Creating a custom inline element

As noted earlier, custom elements can extend existing ones. This saves time by maintaining the default behavior of the element provided by the brooder. In this section, we'll look at how you can extend the "time" element.

1. Creating a class

Built-in elements, like stand-alone ones, appear when the class is extended, but instead of the general class "HTMLElement", they extend a specific class.



In our case, this class is HTMLTimeElement - the class used by the "time" elements. It includes behavior related to the "datetime" attribute, including data format.

class RelativeTime extends HTMLTimeElement {}

2. Element definition

The element is registered by the browser using the "define" method. However, unlike a stand-alone element, when registering an inline element, the "define" method must be passed a third argument, an object with settings.



Our object will contain one key with the value of the custom element. It takes the name of the tag. In the absence of such a key, an exception will be thrown.

customElements.define('relative-time', RelativeTime, { extends: 'time' })

3. Setting the time

Since we can have several components on a page, the component must provide a method for setting the value of an element. Inside this method, the component passes a time value to the "timeago" library and sets the value returned by that library as the item value (sorry for the tautology).

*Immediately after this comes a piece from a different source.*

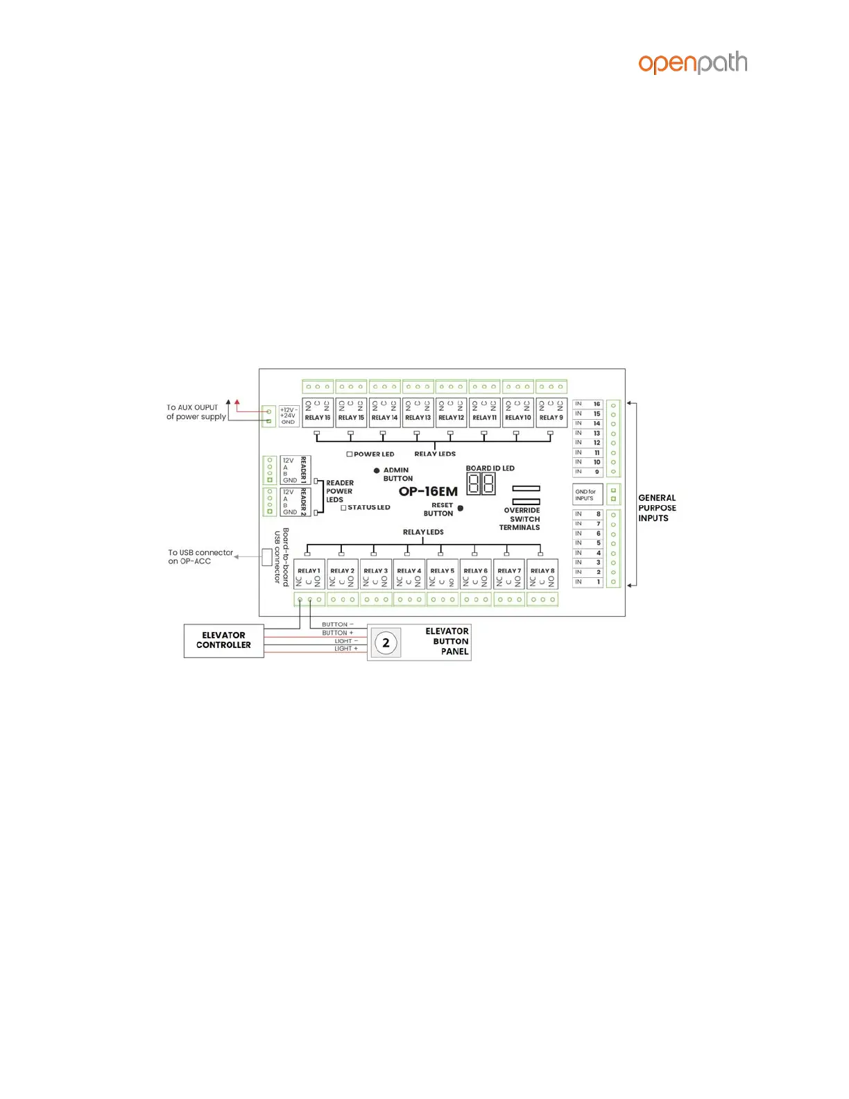 contacts for the corresponding relay on the 16 I/O Elevator Board.
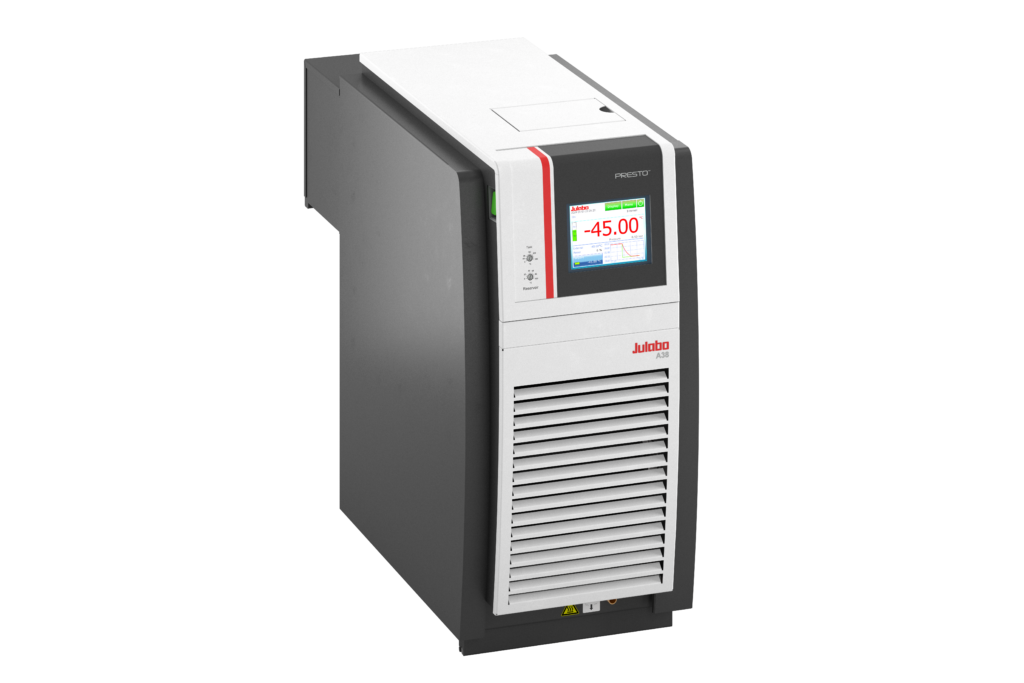 JULABOの空冷式プロセスシステムPRESTO A38は、環境に優しい自然冷媒を使用しています。高性能と非常にコンパクトな設計に加え、PRESTOシリーズのすべての利点を備え、動作温度範囲は-45℃~+250℃です。

Finally, we set the title attribute so that the user can see the value set on hover.

setTime() {
  this.innerHTML = timeago().format(this.getAttribute('datetime'))
  this.setAttribute('title', this.getAttribute('datetime'))
}

4. Connection update

The component can use the method immediately after being displayed on the page. Since inline components don't have a shadow DOM, they don't need a constructor.

connectedCAllback() {
  this.setTime()
}

5. Tracking the change of attributes

If you update the time programmatically, the component will not respond. He doesn't know that he has to watch for changes in the "datetime" attribute.



Once observed attributes have been defined, attributeChangedCallback will be called whenever they change.

static get observedAttributes() {
  return ['datetime']
}
attributeChangedCallback() {
  this.setTime()
}

6. Adding to the page

Since our element is an extension of the native element, its implementation is slightly different. To use it, add the tag "time" to the page with a special attribute "is", the value of which is the name of the built-in element defined during registration. Browsers that don't support components will render fallback content.

<time is="relative-time" datetime="2020-09-20T12:00:00+0000">
  20  2020 . 12:00
</time>

Hopefully I've helped you get a basic understanding of what web components are, what they are for, and how they are used.